Desperation set in like a low-hanging cloud. ‘What about your house?’
The woman had no reason to continue to be kind to her, but she did. God love Canada. ‘I’ve already sent two people home to my husband. Both on the sofas. Someone is on their way to get you and drive you into town, ma’am.’
‘Can’t they just keep on driving me to the nearest city? Something with beds?’
Apparently that thought was just hilarious.
The woman laughed. ‘The only way in or out of Churchill is by plane or train. And Winnipeg is a thousand miles to the south.’
Right. Which part of polar bear did she miss? Their trusty pilot must really have been desperate to get them out of the air to have landed them in the sub-arctic.

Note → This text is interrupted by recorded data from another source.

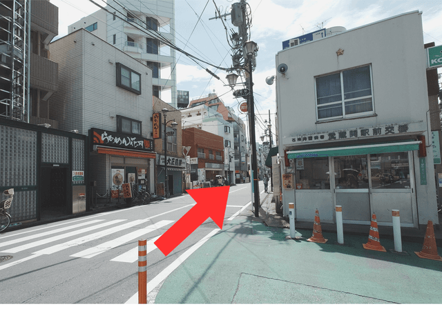 6駅前交番とラーメン店の間を30秒ほど進んで頂きます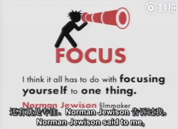 还有就是专注。Norman Jewison告诉过我:“最关键的是要使自己专注于一件事情。”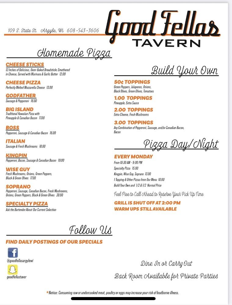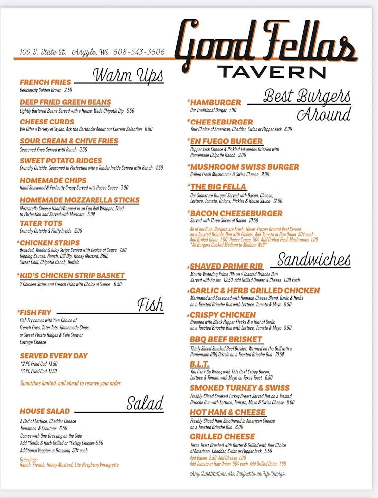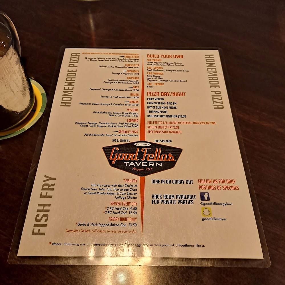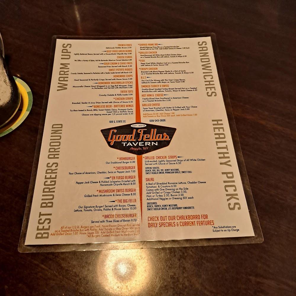 Welcome to Good Fellas Tavern, your go-to destination in Argyle for a classic tavern experience! Located at 109 S State St, we pride ourselves on serving excellent cocktails and restaurant-quality food in a relaxed and inviting atmosphere. Enjoy a diverse menu featuring local specialties, paired with a wide selection of beers and spirits. Whether you're here for lunch, dinner, or a late-night snack, our quick service and lively ambiance set the perfect backdrop for gatherings, sports events, or solo dining. With options for takeout and delivery, we cater to all. Join us for unforgettable evenings filled with music, fun, and great company!

‘When will they send another plane, do you think?’ she asked weakly.
The woman glanced at her watch and frowned. ‘Let’s just get you sorted for tonight.’
This wasn’t the tightest spot she’d ever been in, though it was the first involving live predators, and the thought of sitting uncomfortably in some waiting room for hours scarcely appealed. Especially when there was no guarantee that she’d get on a flight tomorrow. Or the day after, or the day after.